The Novel

OLYMPUS DIGITAL CAMERA  In Clio’s Mobile Home, a young woman, at the point of disintegration, travels in search of what she is. The book begins with the murder in New York of her rapper-boyfriend whose career Clio had helped launch. Along with the mourning, guilt and soul searching, Clio questions the whole enterprise of identity. In fleeing to Barcelona, she rejects the mastery of self and “tries on” female heroines of the past, through mime. Suffering has turned her ecstatic, dancing nature in a different direction.

Through the text of Song of Songs and the reconstruction of Jewish medieval Girona, Clio accesses voices of the past and locates identity in the process of reaching through time and pulling oneself into the future. In a nod to her polyvocal nature, various characters narrate the sometime comic, sometime painful story of her learning curve in historical Europe. Clio, once a club dancer, finds balance in the nimble movement of the mind. She comes to accept her own creative consciousness, herself as a poet. This is Clio.

The outer journey that takes Clio from New York to Barcelona to Girona, a Catalan city sixty miles north of Barcelona is fictional. The characters that she meets – an Israeli developer, a Catalan theater producer, a Spanish journalist – are works of the imagination and people that respond to her unique character, both willfully naive and often wise.

But the core of the journey, both inner and outer, is based on experiences of my own.

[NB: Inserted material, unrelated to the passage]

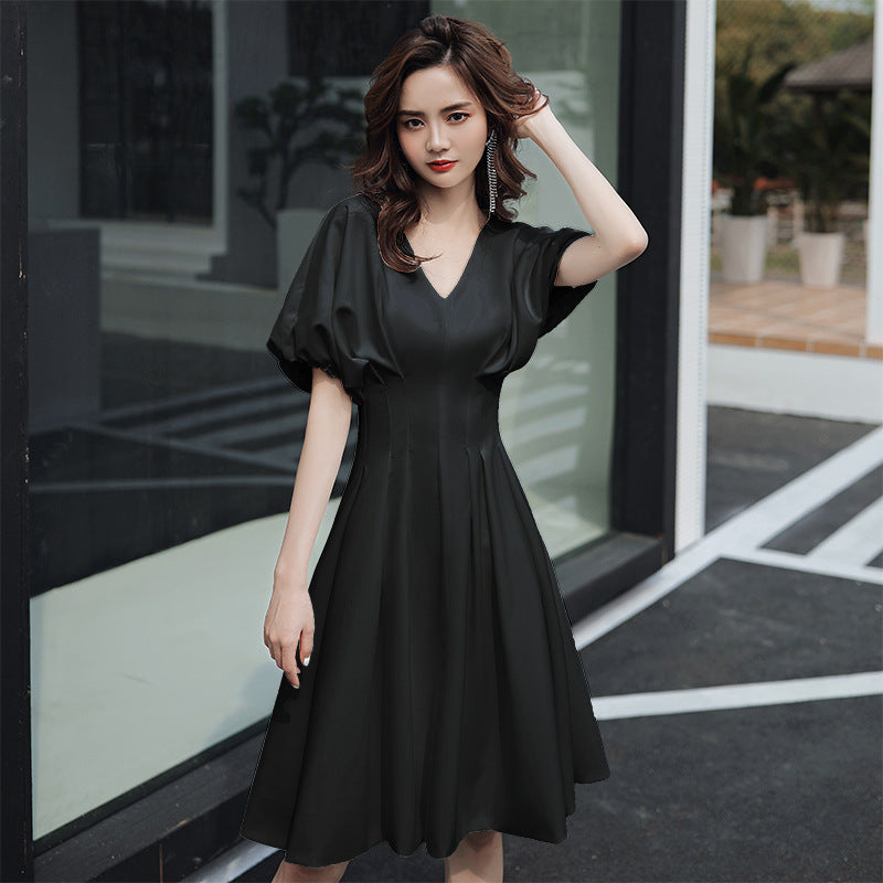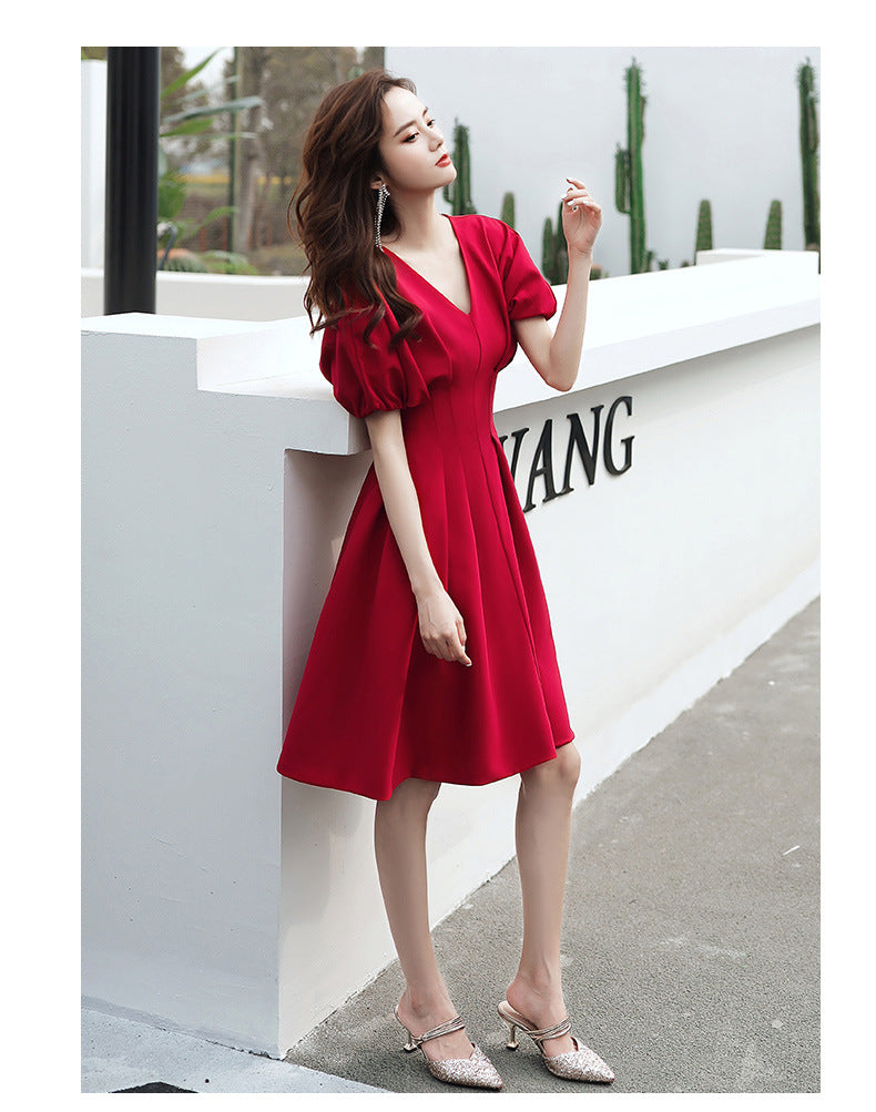 Temperament Fashion Elegant Women Wine Red Solid Color V Neck Puff Short Sleeves Bride Evening Party A Line Dress
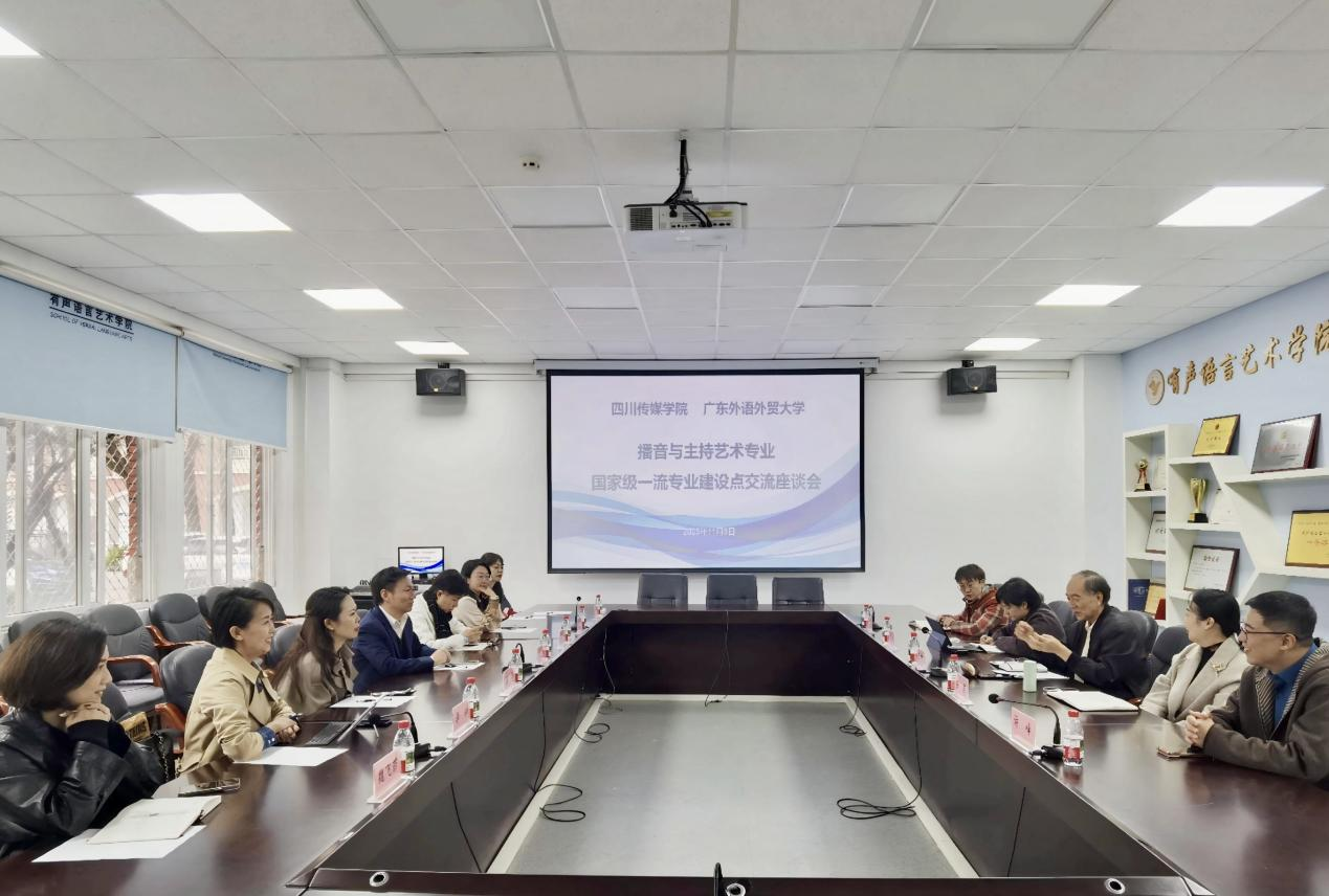 为积极响应新时代传媒人才培养需求,进一步推动播音与主持艺术专业的学科建设与教学改革,2025年11月4日至7日,广东外语外贸大学新闻与传播学院副院长李峻岭、学院党委副书记涂颖带队,播音与主持艺术专业李洋教授、李琳教授、陈芝教授、魏飞菲博士及辅导员丘唐唐一行7人赴四川省成都市开展专题调研。调研团队先后走访了四川传媒学院、四川师范大学、四川电影电视学院三所开办有播音主持国家级一流本科专业建设点高校,围绕实训体系建设、人才培养模式、学界业界融合等议题展开了深入交流与学习。

As a young Jewish woman from Pittsburgh just out of Brown University, I came to New York in the ’80s and wrote about rap, the music as a springboard for understanding creative and cultural experience.

In that culturally vital fifteen years, I wrote about politically conscious rappers, breakdancers, world musicians and international celebrities. After being employed as an associate editor at Paper magazine and Us Magazine, I moved into freelance journalism, contributing major articles on culture to Vogue, Elle, Spin, Harper’s Bazaar, Spy, the European, and many others. I wrote Elvis for Beginners for Writers and Readers.

I moved with my husband to France, first Paris, years later to the countryside around Perpignan, where I continued journalistic work and raised two daughters. In the ’90s, and in many return trips every year, I witnessed the transformations of the Spanish/Catalan self, from post-Franco explosion to a development of consciousness of a Jewish medieval center in Girona. Girona was a place of poets, Kabbalists and spiritual thinkers. It is from here that the idea for my novel was born.

I write a blog, fictionally written in my protagonist Clio’s voice, called Full Dance Card.